После того как товарищи взяли власть, Полубояринов ушел в запой, неделю пил, не переставая, и наверняка пропал бы по пьяному делу, если бы случайно не узнал, что в Питере, в лазарете на Барочной улице, собираются офицеры для отправки на Дон. Ни секунды не колеблясь, он поехал в столицу – хорошо хоть, шпалер не загнал! – и среди добровольцев, собравшихся к Алексееву, сразу заметил знакомого, большеусого подполковника с седым ежиком волос, Степана Артемьевича Злобина.
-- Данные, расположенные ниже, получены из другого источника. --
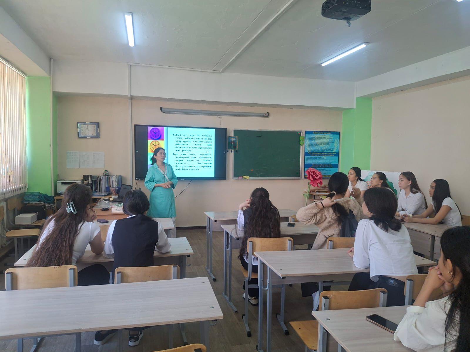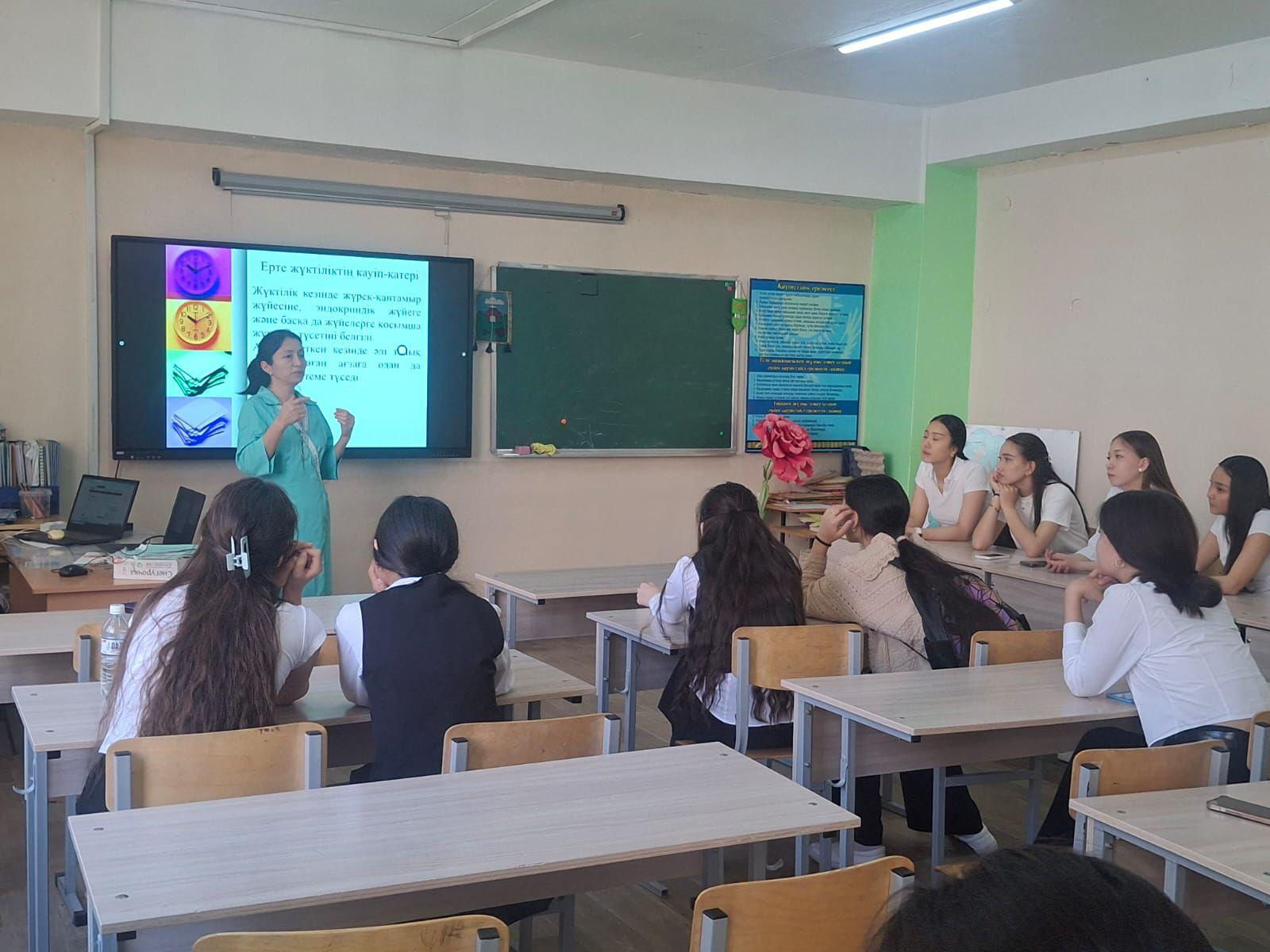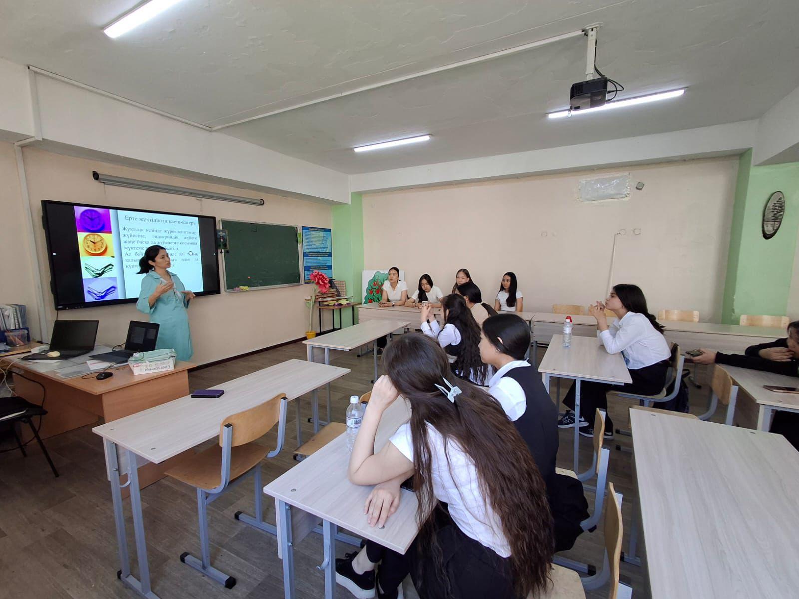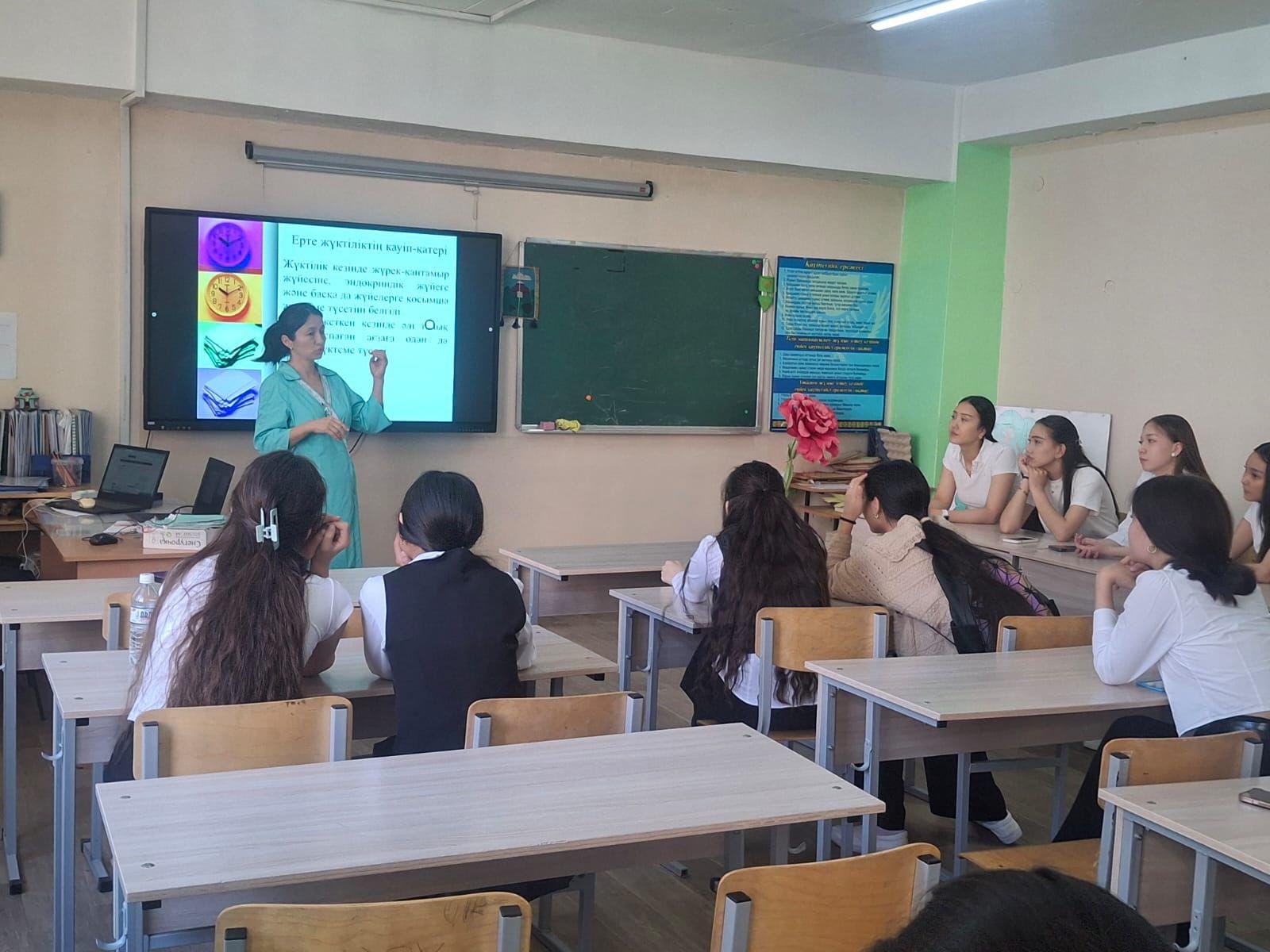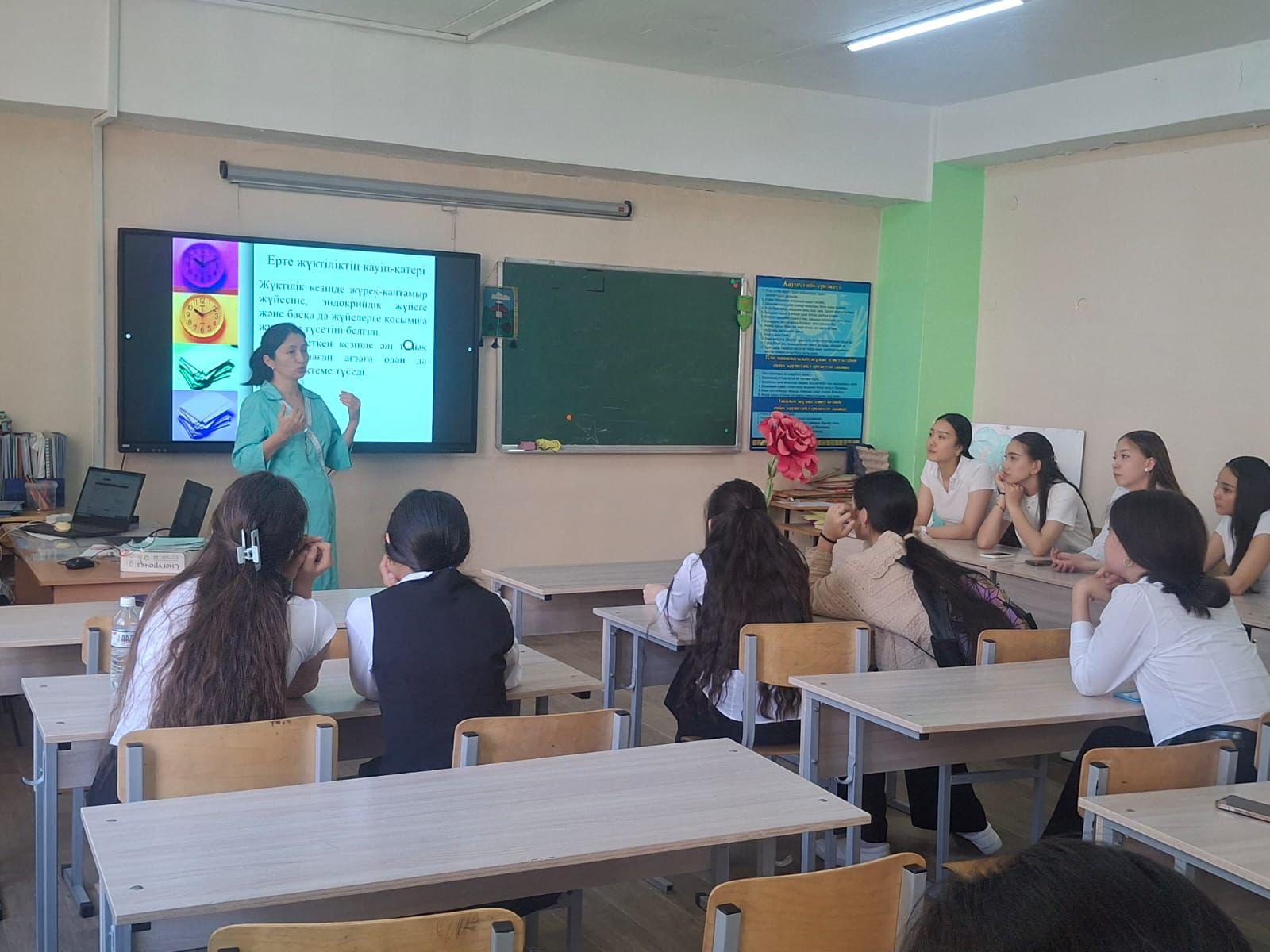 Кездесу барысында оқушыларға ерте жүктіліктің салдары, оның физикалық және психологиялық әсері, сонымен қатар жауапты мінез-құлық пен өзін-өзі қорғау дағдылары жайлы мағлұмат берілді.

Помнится, в шестнадцатом году вместе пили спирт под вареную лосятину в землянке у иуды Кузьмицкого. Тесен мир! Выругались изумленно, обнялись и с тех пор уж не расставались, лучшими друзьями стали. Вот и сейчас подполковник шел в одном ряду с Полубояриновым, ввиду отсутствия фиксатуара кончики его пышных усов скорбно поникли. Да и настроение у Степана Артемьевича было под стать, невеселые мысли гнездились в его седой голове – без вести пропали жена и дочь. Надумали провести бархатный сезон в Ялте, и все, ни ответа ни привета с тех пор.

Быстро темнело, на ясном небе в окружении звезд высветлился початый блин луны. Ветер сделался пронизывающе-холодным, под ногами хрустели льдистые корочки на лужах – морозило. Бесконечная колонна беженцев гигантской серой змеей ползла через убийственную в своем однообразии заснеженную степь. Общая беда сразу сблизила всех, бессмысленными стали чины, звания, прежние заслуги. В одном строю шагали юнкера, шли гимназисты, сноровисто месили снег привычные к невзгодам офицеры.

Брел, тяжело дыша, князь Львов, озябший, жалкий, утративший державную осанку, запавшие глаза его горели злобой – эх, знать бы наперед, к чему приведут все эти игрища в демократию! Задыхаясь, хрипя застуженными бронхами, надрывно кашлял генерал Деникин, – в царившей суматохе он остался без вещей и был вынужден идти в пальто, подбитом ветром, и дырявых сапогах. Главнокомандующий Корнилов через силу переставлял маленькие, обутые в промокшие хромачи ноги и, глядя на колыхающиеся впереди стволы винтовок с примкнутыми штыками, на раскачивающиеся в такт шагам головы в фуражках, папахах, башлыках, с горечью тер влажные глаза:

– Лучшие люди, цвет России, и вынуждены уходить, на родине для них нет места. Ну, ничего, мы еще войдем в Первопрестольную под колокольный звон, всех, кого черт попутал, – нагайками, а скверну эту, большевиков, пусть народ судит, всем миром.

Еще он думал о своей карьере ученого-востоковеда, прерванной войной, вспоминал, как, едва оправившись от ран, совершил побег из австрийской крепости Нейгенбах. При мысли о жене, верной спутнице в жизненных бурях, на его потрескавшихся губах появилась чуть заметная улыбка.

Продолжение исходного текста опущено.